• Task statement
Beginning with the line that contains "Nutralie Calcium Elements", reproduce every line through the end of the records below exactly, and leave the pictures out.
(Beginning of Study material)
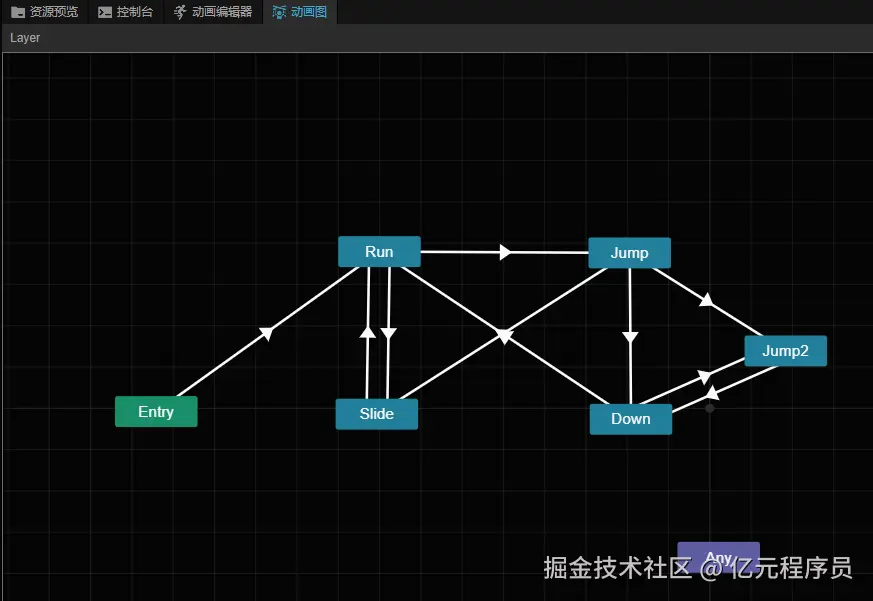 和Unity的Animator类似 ,CocosCreator 也支持动画状态机的编辑,您可以在Marionette动画系统中找到他们。
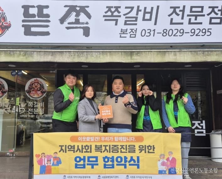 전국신문언론노동조합 기자 | 평택시 서정동 지역사회보장협의체는 지난 14일, 서정동에 있는 음식점 ‘뜯쪽!’을 '우리동네 착한가게'로 지정하고 현판 전달과 함께 지역사회 복지증진을 위한 협약을 체결했다.
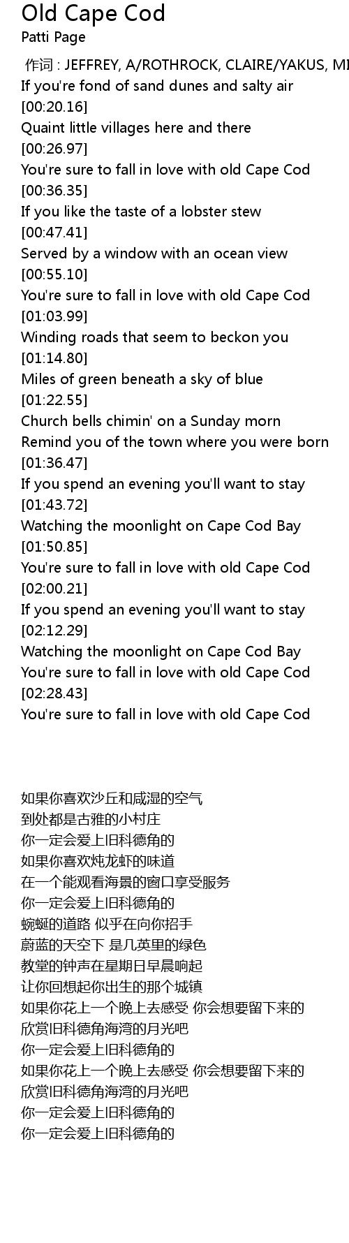 | [00:56.22] | You're sure to fall in love with old Cape Cod |
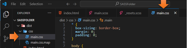 Now look at your regular CSS file, and you will see that it has compiled the code into our CSS file. You will see that it compiled at the top of the regular CSS file
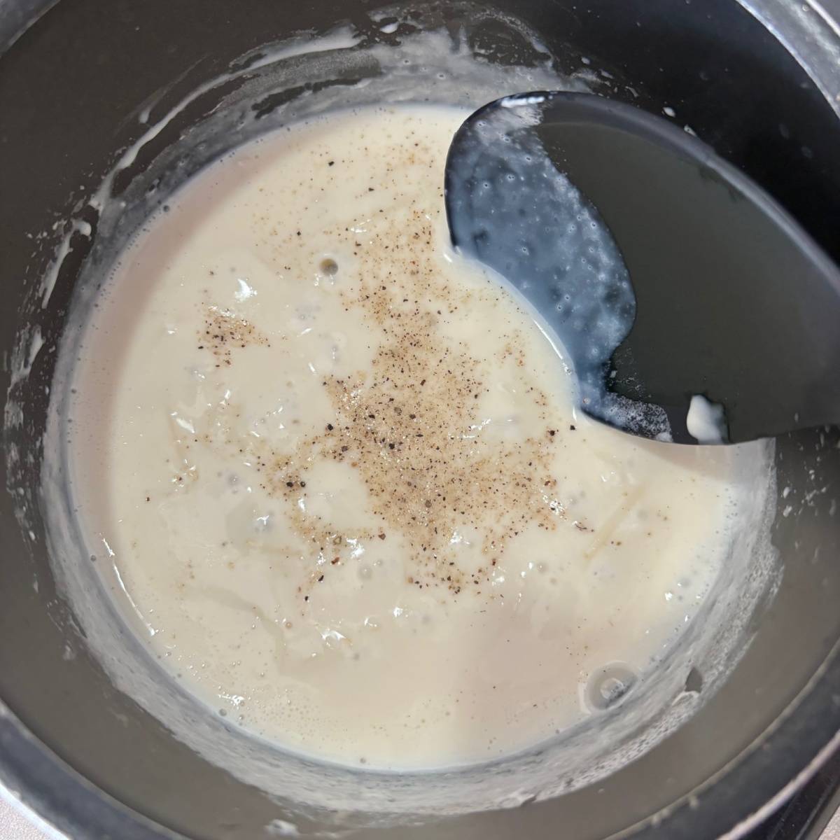 そこへホワイトソースを加え、さらに1分ほど温めたら、塩こしょうで味を調えましょう。
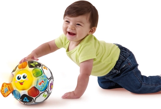 Díky svým schopnostem se míček umí kutálet před dětmi, což zaujme jejich pozornost a motivuje je k pozorování, lezení a hraní. Tento barevný kopačák s různými texturami a zvukovými efekty nejen že rozvíjí smyslové vnímání, ale také poskytuje hmatovou stimulaci díky jemnému plyšovému potahu. Světelné a zvukové efekty doplněné svítícím obličejem a oranžovými tlačítky přispívají k poznávání barev.
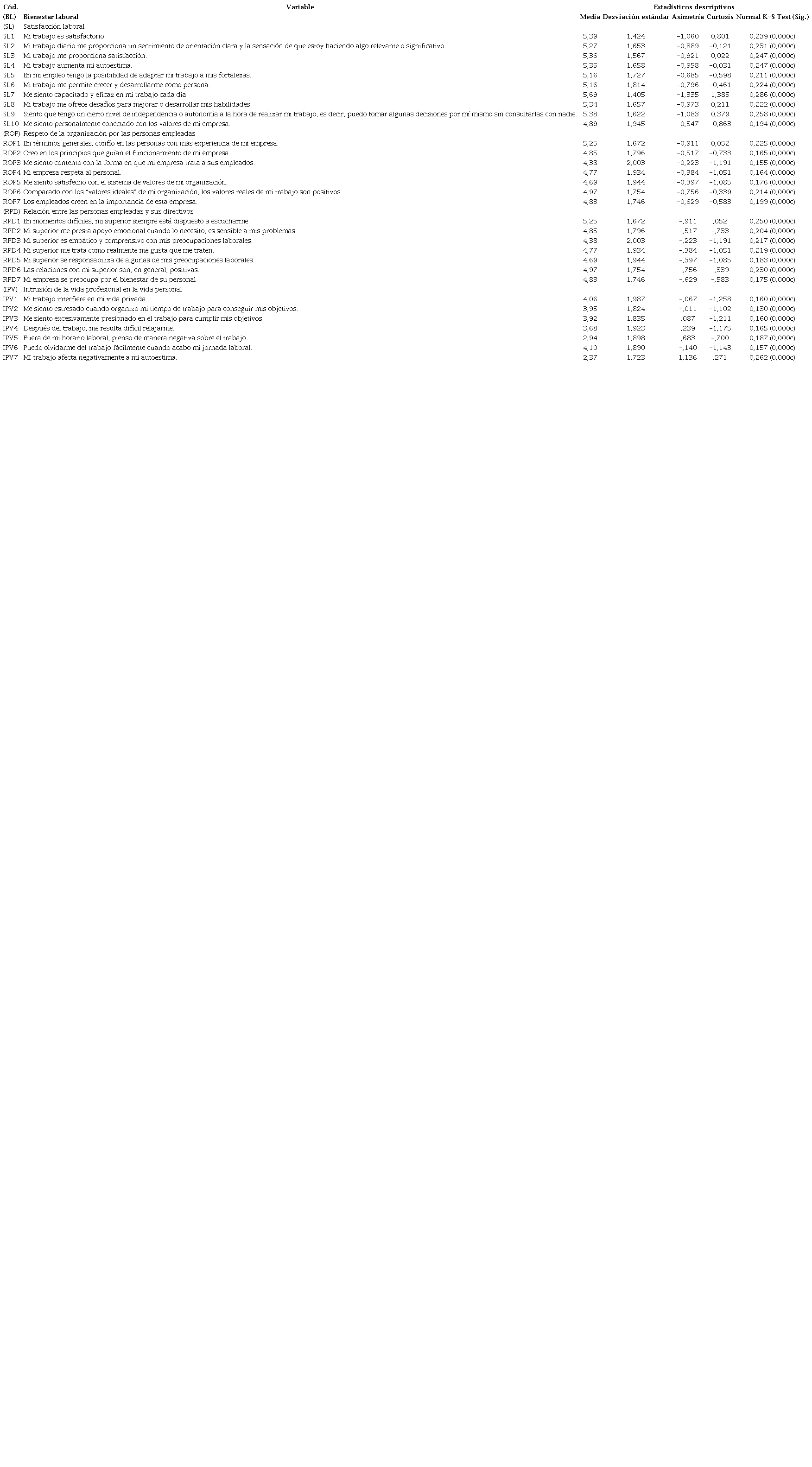 Por otro lado, en relación con el bienestar laboral y de acuerdo con las cuatro dimensiones definidas por Parker y Hyett (2011), se señalan a continuación los indicadores utilizados para medir la satisfacción laboral (SL): mi trabajo es satisfactorio (SL1), mi trabajo diario me proporciona un sentimiento de orientación clara y la sensación de que estoy haciendo algo relevante o significativo (SL2), mi trabajo me proporciona satisfacción (SL3), mi trabajo aumenta mi autoestima (SL4), en mi empleo tengo la posibilidad de adaptar mi trabajo a mis fortalezas (SL5), mi trabajo me permite crecer y desarrollarme como persona (SL6), me siento capacitado y eficaz en mi trabajo cada día (SL7), mi trabajo me ofrece desafíos para mejorar o desarrollar mis habilidades (SL8), siento que tengo un cierto nivel de independencia o autonomía a la hora de realizar mi trabajo, es decir, puedo tomar algunas decisiones por mí mismo sin consultarlas con nadie (SL9) y me siento personalmente conectado con los valores de mi empresa (SL10).
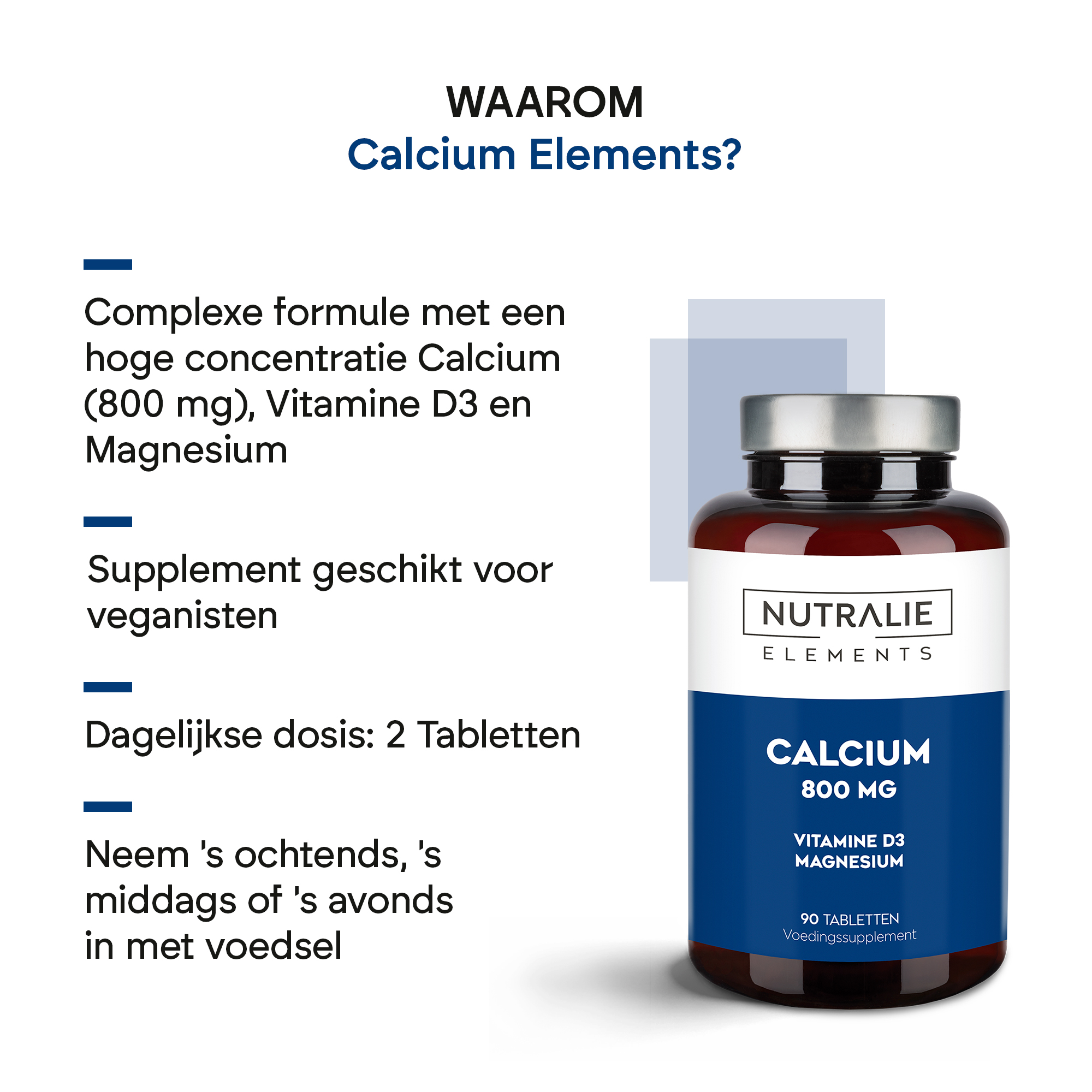 Nutralie Calcium Elements Supplement is een voedingssupplement samengesteld met calciumcarbonaat, magnesium en vitamine D. Calcium is noodzakelijk voor het behoud van normale botten.
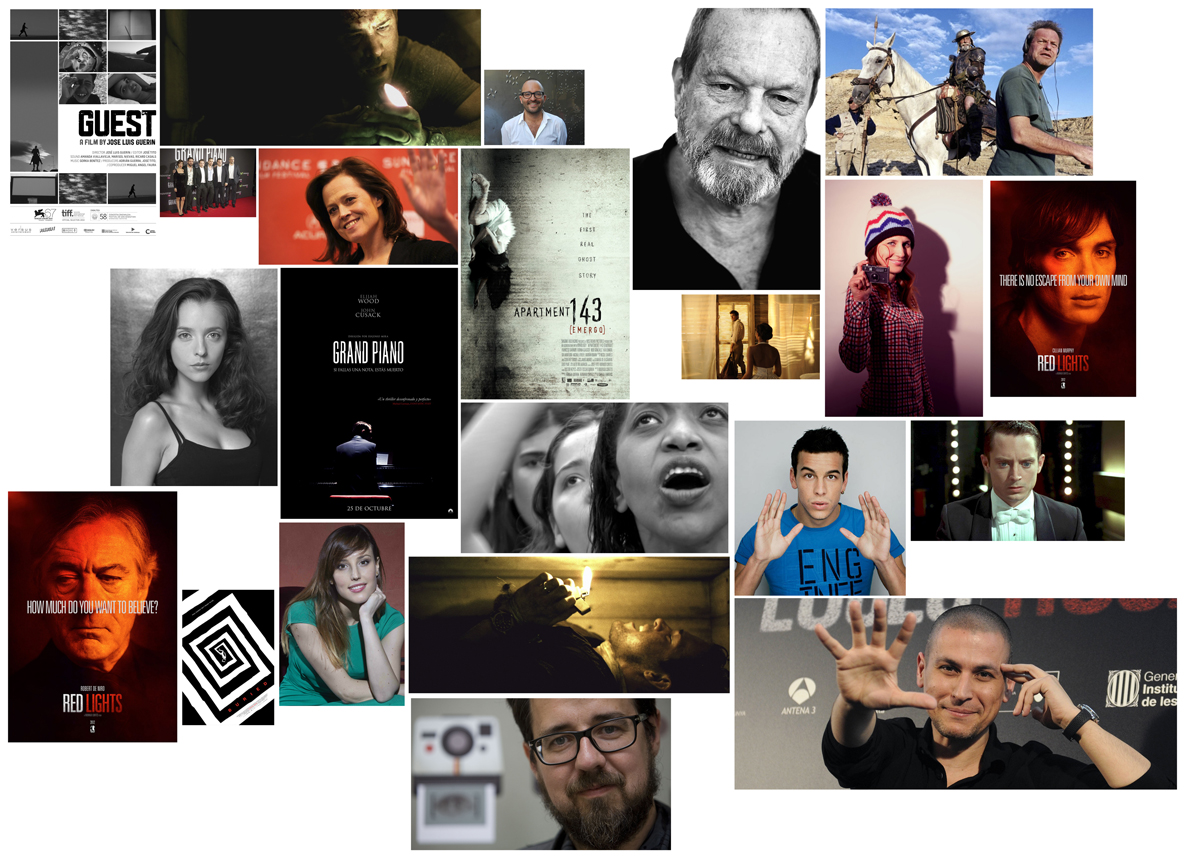 Collage de fotos con imágenes de películas de Adrián Guerra, directores y actores que trabajan con él.
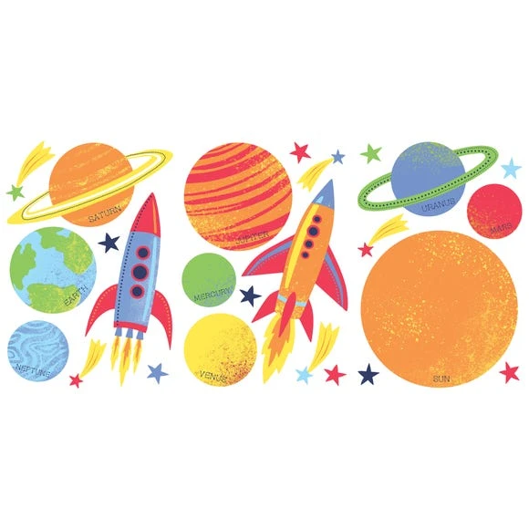 These space themed wall stickers are self adhesive, easy to apply and repositionable for you to create a fun wall art design.
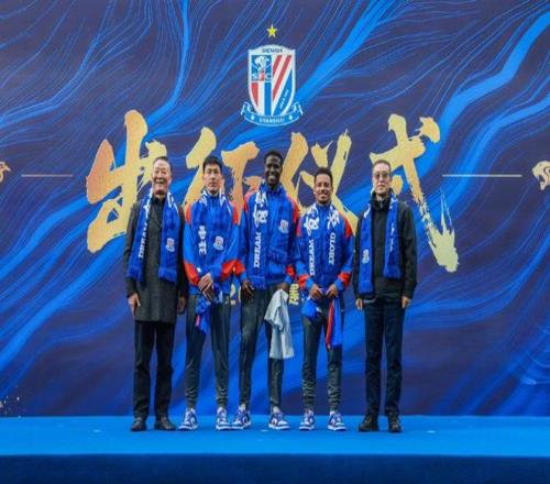楊勇、董珞向新援授新賽季球衣,樊建林、柳海光為新援戴上申花圍巾。儀式最后,申花隊全體成員登臺亮相,徐彬、過劍飛、楊勇為球隊授旗出征。
(End of Study material)
• Result of the task
 Nutralie Calcium Elements Supplement is een voedingssupplement samengesteld met calciumcarbonaat, magnesium en vitamine D. Calcium is noodzakelijk voor het behoud van normale botten.
 Collage de fotos con imágenes de películas de Adrián Guerra, directores y actores que trabajan con él.
 These space themed wall stickers are self adhesive, easy to apply and repositionable for you to create a fun wall art design.
楊勇、董珞向新援授新賽季球衣,樊建林、柳海光為新援戴上申花圍巾。儀式最后,申花隊全體成員登臺亮相,徐彬、過劍飛、楊勇為球隊授旗出征。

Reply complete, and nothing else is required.